Lentils under Weather Watch: Canada Comfortable, India on Edge
Global lentil prices stay subdued on strong Canadian & Australian crops, but India’s weak monsoon and pulse sowing deficit could tighten the market later in 2026.
Prices
Canadian lentil prices have been relatively steady in recent weeks despite the favourable crop outlook, reflecting a market that is well supplied but not oversold. FOB Ottawa levels in late June translate to roughly EUR 1.34–1.37/kg for bulk green lentils and about EUR 2.18/kg for red lentils, showing only modest softening over the month. This price resilience aligns with market participants’ view that potential Indian demand later in the year is limiting further downside.

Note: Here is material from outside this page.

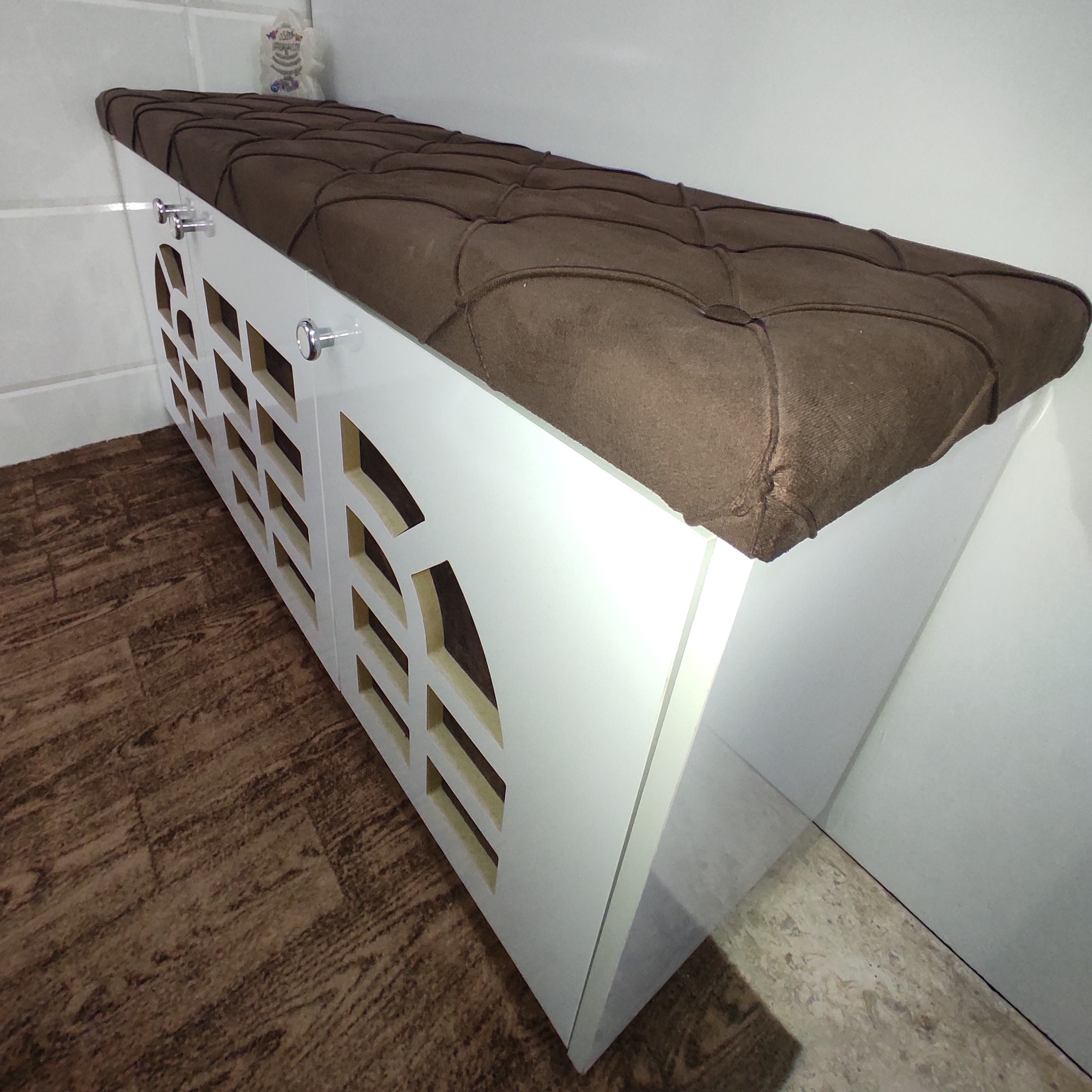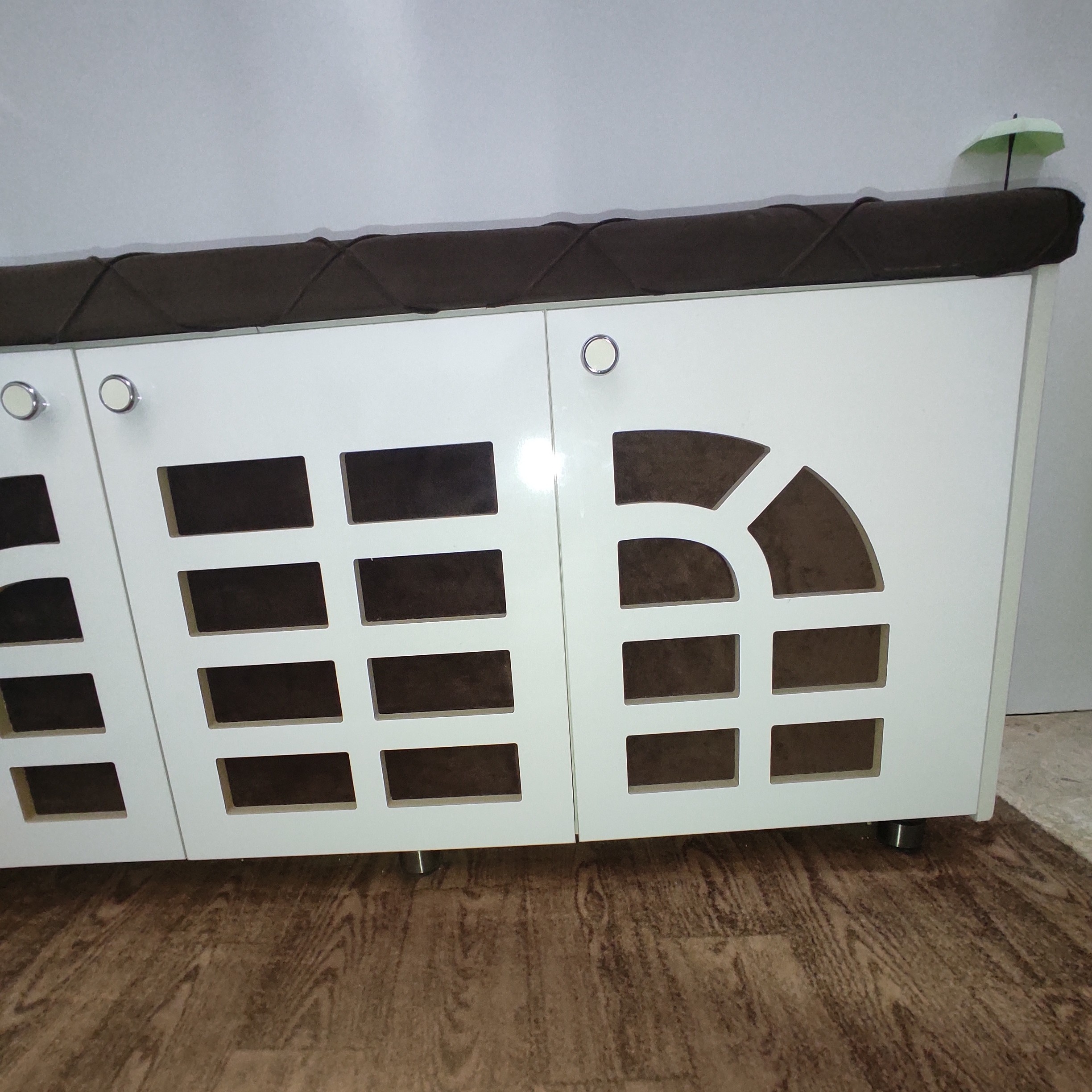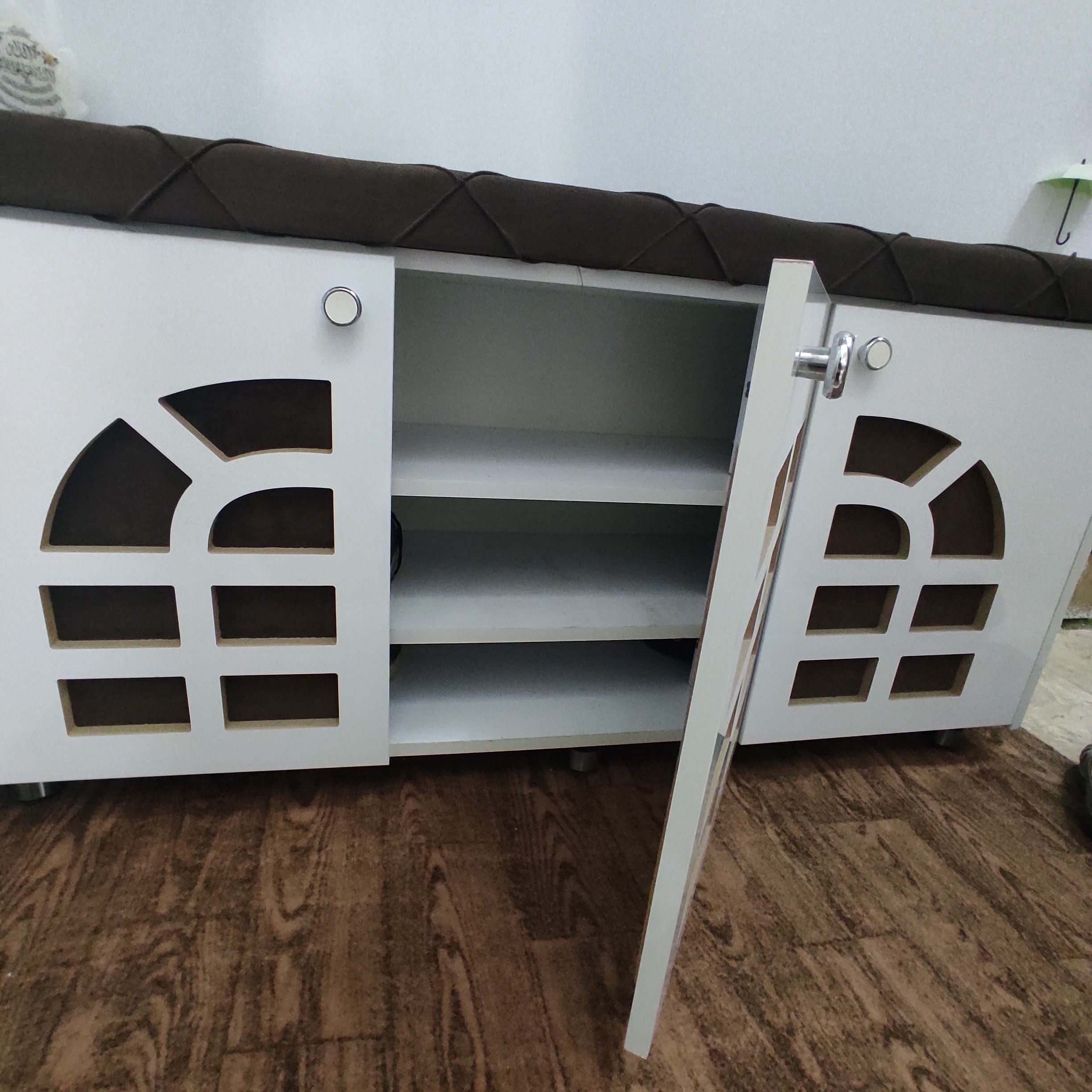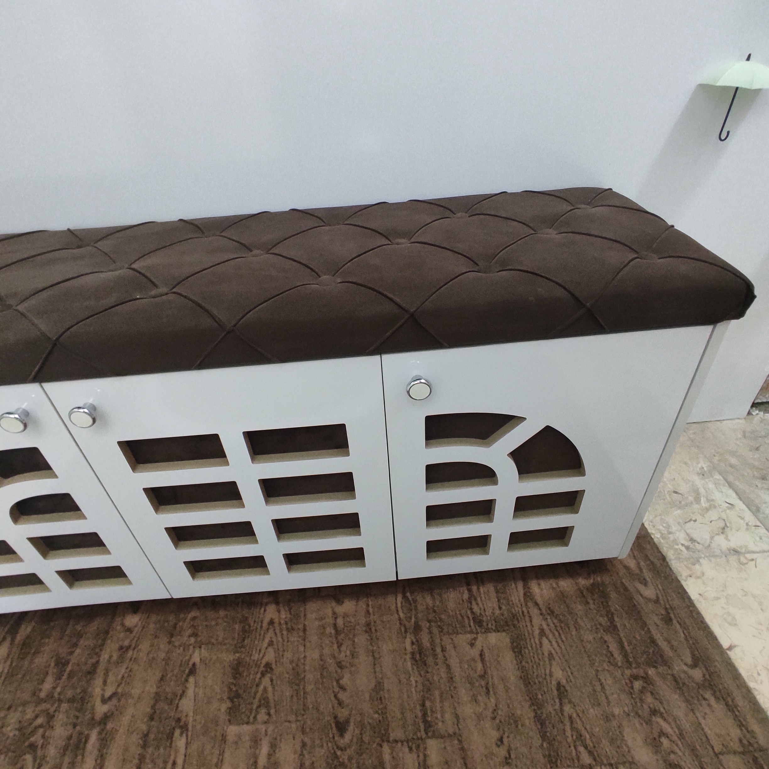 جا کفشی نشیمن دار ودرب سی ان سی طرح دار ، با ام دی اف و رویه مبلی لمسه کوبی شده،با کیفیت عالی

Chinese small green lentils, both conventional and organic, are trading slightly firmer in EUR terms, suggesting some localized tightness or currency effects but no broad global squeeze. Overall, the gentle easing in Canadian values combined with stable to slightly higher Chinese offers fits the picture of a market that is comfortable on supply yet cautious because of India‑related weather and import uncertainty.
Supply & Demand
Canada’s lentil crop is progressing well. Sowing across the Prairies is largely completed and crop development is described as satisfactory, supported by adequate soil moisture and generally favourable growing conditions. Recent Statistics Canada data confirm that lentil area is slightly lower year on year, but still large, keeping expectations for another solid harvest and strong export availability in 2026.
In contrast, India’s pulse outlook is clouded by a weak start to the monsoon and emerging El Niño conditions. June 2026 rainfall was about 40% below normal, making it one of the driest Junes on record and leaving overall kharif sowing down more than 20% versus last year, with pulse acreage reportedly off by around 30%. If the shortfall persists into July–August, domestic production of pigeon pea (tur) and other pulses could suffer, forcing India to increase imports of alternative pulses, including lentils, to restrain food inflation.
Australia is also on track for a very strong season, with official forecasts pointing to potentially record lentil output near 2.2 million tonnes, underpinned by expanded area and supportive weather in key producing regions. With both Canada and Australia among the world’s top exporters, their combined surplus is likely to create intense competition for demand in core destinations such as India, Bangladesh and parts of the Middle East and North Africa over the coming marketing year.
Fundamentals & Weather
Fundamentals currently lean slightly bearish for prices. On the supply side, good crop progress in Canada and prospects for a large Australian harvest point to ample availability for 2026/27. This comes on top of residual stocks in Australia, where part of last season’s crop reportedly remains unsold, further adding to export pressure. At the same time, Canadian farmers have trimmed pulse areas, which moderates the risk of a severe oversupply scenario and supports the current price floor.
Weather is the main swing factor on the demand side via India. A continuation of below‑normal rainfall and El Niño‑linked volatility could reduce yields in pigeon pea and other kharif pulses, translate into tighter domestic supplies and spur incremental lentil imports in late Q4 2026 and early 2027. Conversely, if monsoon conditions improve materially in July–August, India’s import needs may remain contained, reinforcing the current soft tone in global lentil prices. For now, monsoon progress remains lagging, and market participants are closely tracking rainfall updates before committing to larger positions.
Outlook & Trading Strategy
Over the next one to three months, the lentil market is likely to stay range‑bound with a slight downward bias, capped by the strong North American and Australian supply outlook but underpinned by potential Indian demand. Price volatility could increase around major monsoon updates, crop condition reports and any government policy moves in India related to pulses and food inflation.
- Importers / Buyers: Consider gradually extending coverage on dips while Canadian FOB values remain under pressure, but avoid over‑coverage until India’s monsoon trend is clearer. Focus on flexible origin options (Canada vs. Australia) to leverage export competition.
- Exporters (Canada, Australia): Use current stable prices to lock in forward sales for a portion of expected production, particularly in higher‑value red segments, while retaining some upside exposure in case Indian demand surprises to the upside.
- Processors / Traders: Maintain a balanced book, using options or staggered purchasing to manage the weather‑driven risk in India. Watch basis levels and freight spreads closely as Australian and Canadian origins vie for South Asian demand.
Short‑term (3‑day) directional view in EUR terms: Canadian FOB lentil prices are expected to remain broadly stable to slightly softer, reflecting continued favourable crop conditions and subdued spot demand. Australian offers should stay competitive but largely unchanged over such a short horizon, while any sharp moves are unlikely unless there is a sudden, material shift in Indian monsoon or policy news.